Friday, October 17, 2008


Sister: How's your "United States of the Nether Lands" coming along? Almost end of September na.

Me: Dead.

Sister: Why? YOU GOT LAZY AGEEEEEN!

Me: Nope. Main character's a sue. Stu. Sue. Whatever.

Sister: How is it a Sue?

Me: He's an advertising guy who's in hell gypping the actors and the politicians. Sound familiar?

Sister: But he's got no fashion sense whatsoever, wears ill-fitting clothes, has messy hair, is unsociable, has no people skills, is bad tempered and... I see what you mean. Why didn't you just go all the way and make him wear glasses?

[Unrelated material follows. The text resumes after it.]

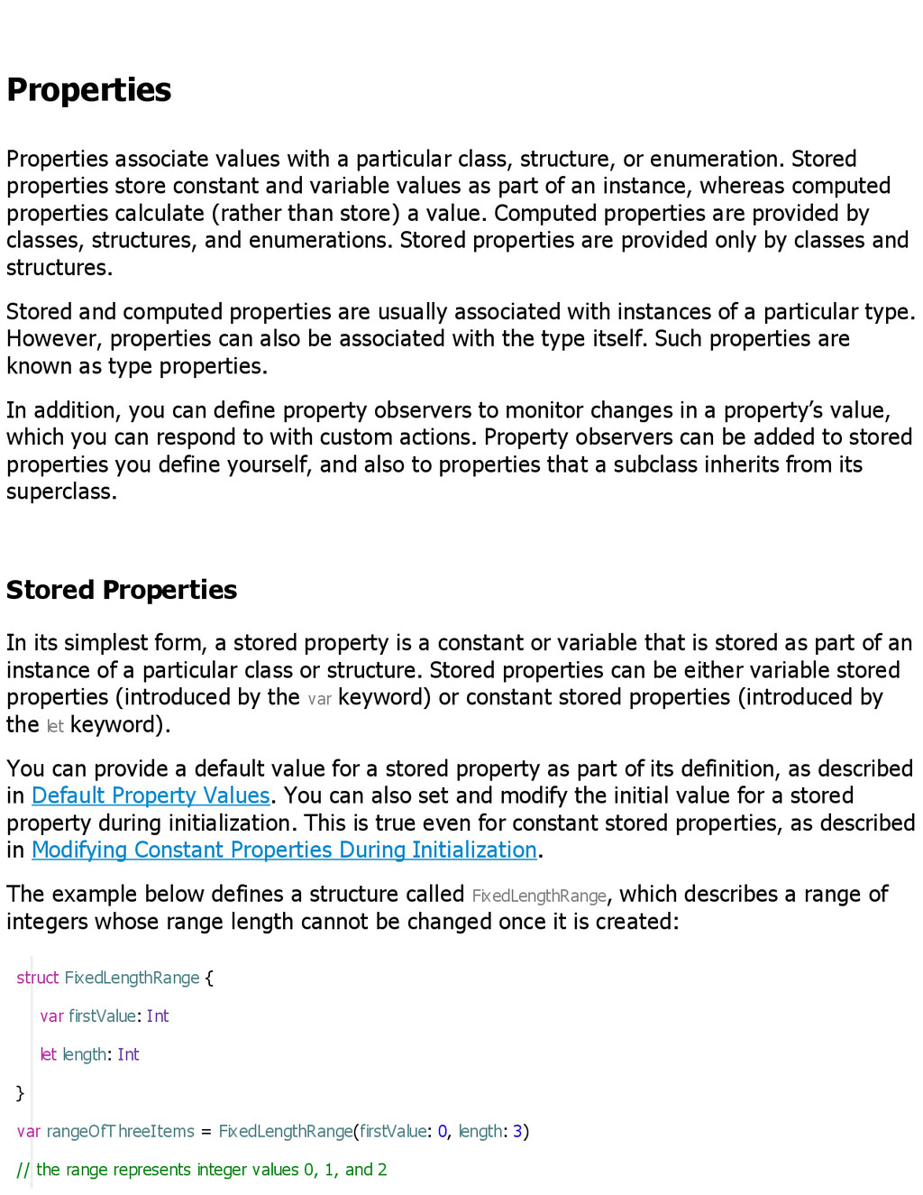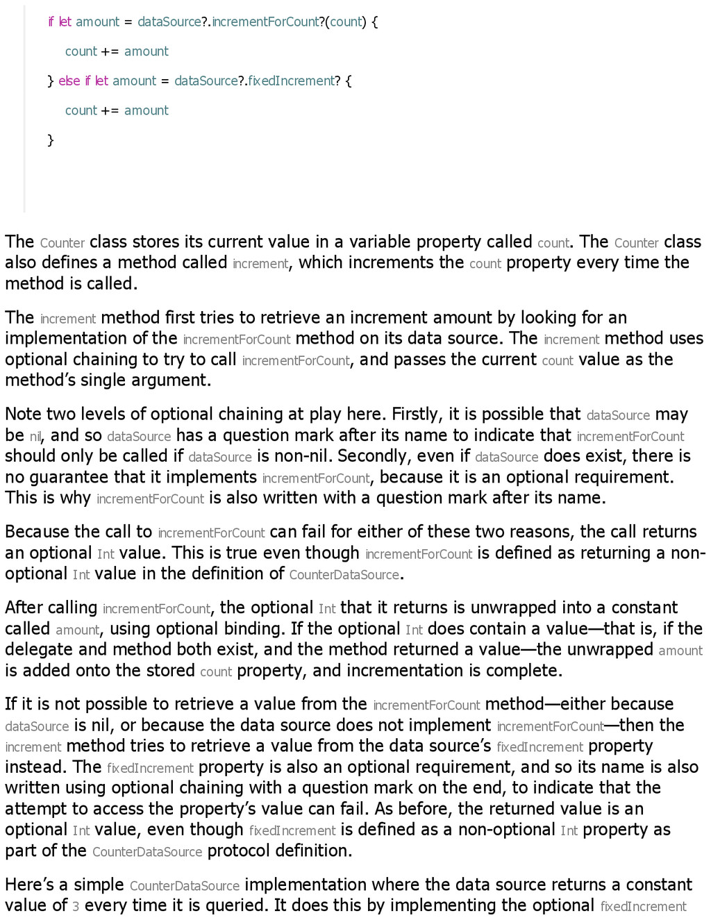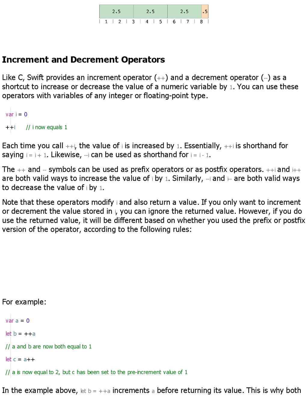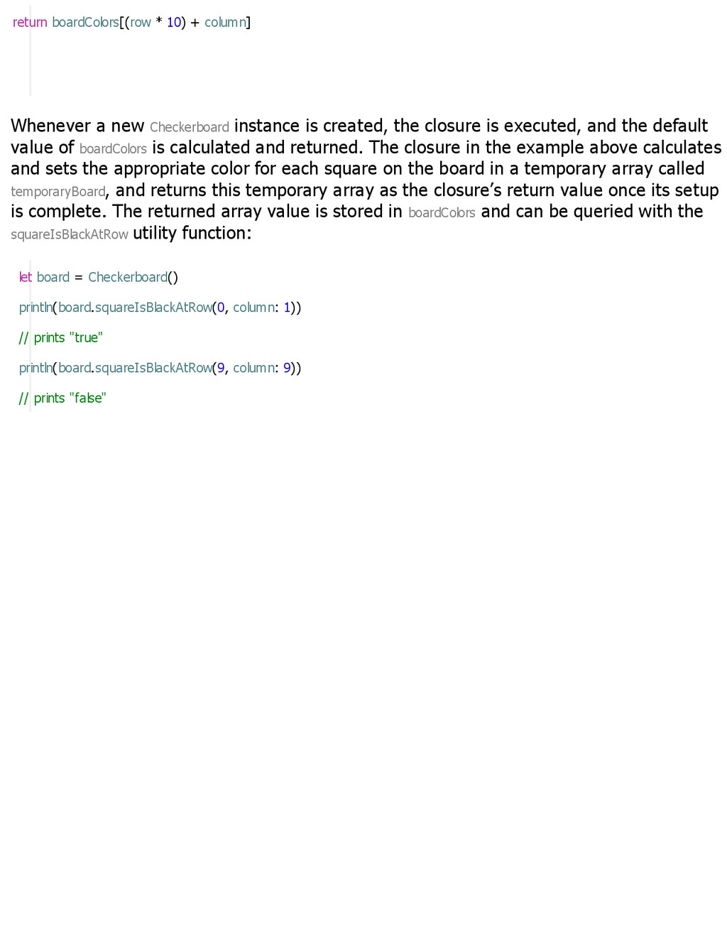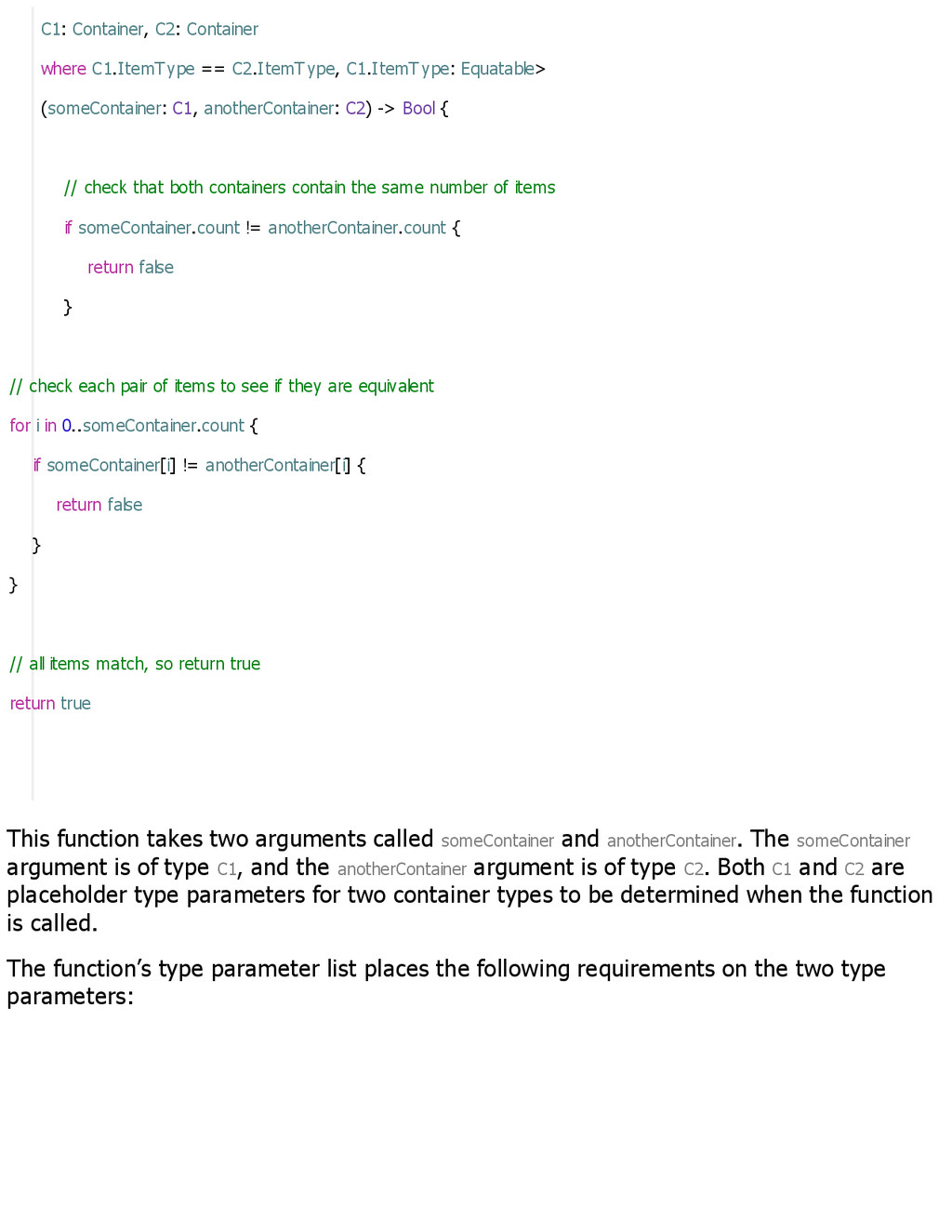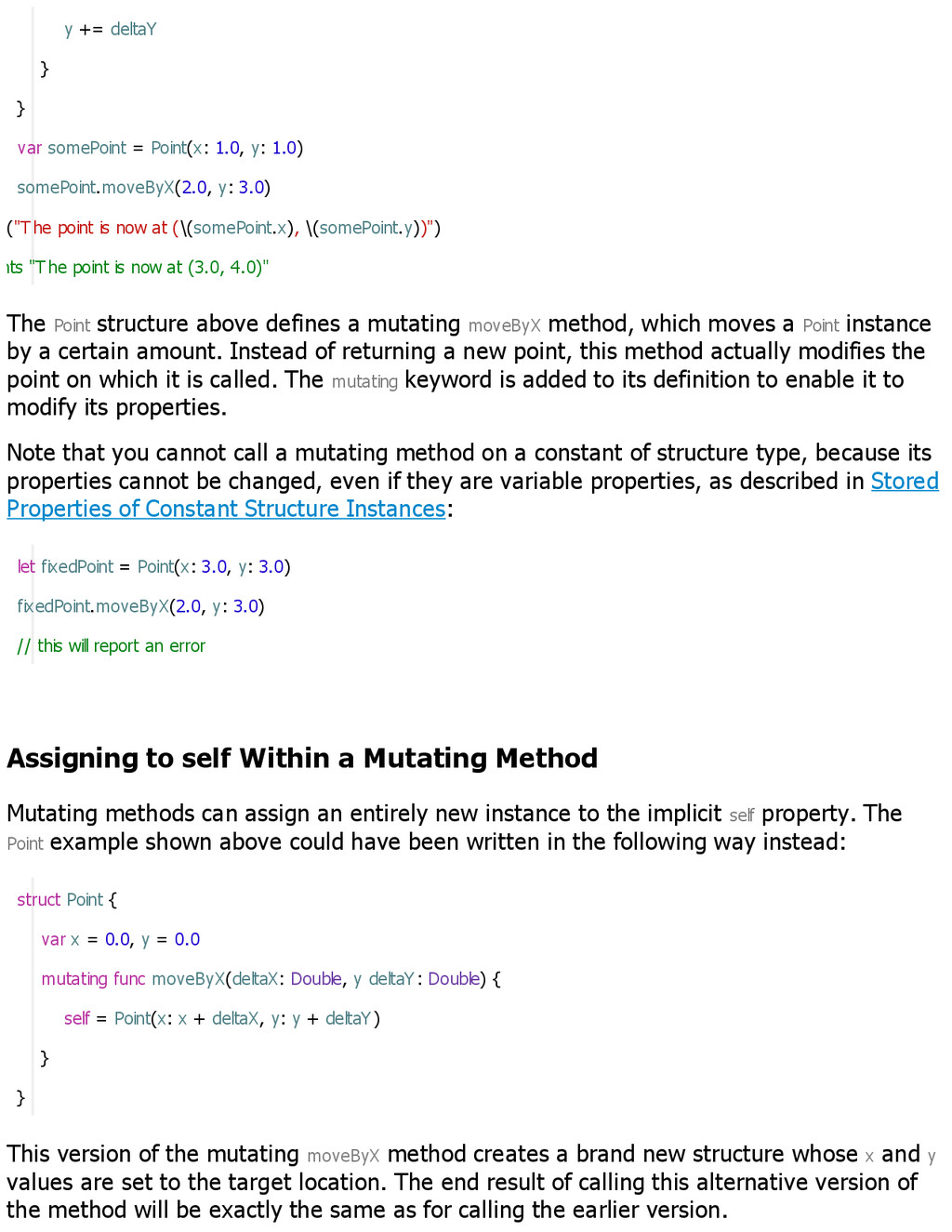 it will return a value must always do so. A function with a defined return type cannot allow control to fall out of the bottom of the function without returning a value, and attempting to do so will result in a compile-time error. Functions with Multiple Return Values You can use a tuple type as the return type for a function to return multiple values as part of one compound return value. The example below defines a function called count, which counts the number of vowels, consonants, and other characters in a string, based on the standard set of vowels and consonants used in American English: func count(string: String) -> (vowels: Int, consonants: Int, others: Int) { var vowels = 0, consonants = 0, others = 0 for character in string { switch String(character).lowercaseString { case "a", "e", "i", "o", "u": ++vowels case "b", "c", "d", "f", "g", "h", "j", "k", "l", "m", "n", "p", "q", "r", "s", "t", "v", "w", "x", "y", "z": ++consonants default: ++others } eturn (vowels, consonants, others) You can use this count function to count the characters in an arbitrary string, and to retrieve the counted totals as a tuple of three named Int values: let total = count("some arbitrary string!") println("\(total.vowels) vowels and \(total.consonants) consonants")

Me: He does. Dark glasses. So the fires of hell don't hurt his eyes. Also 'cause I made him crosseyed. And hunchbacked. Does that make him less of a sue?

Sister: No. But you could pass it off as an author insert.

Me: Really? Is that more acceptable?

Sister: No, but it's really creeping me out hearing you say "Sue."

Me: Maybe I'll give him three pesky demons patterned after you, Mom and Jackie. Andun na rin lang tayo.

Sister: Are they vavoom shapely temptresses, kinda like corrupted versions of The Three Fates?

Me: No, the three little pigs.

Sister: Waaaaaaaah! You're meeeeeeeeeeeeeean! I haaaaaate youuuuuuuuu.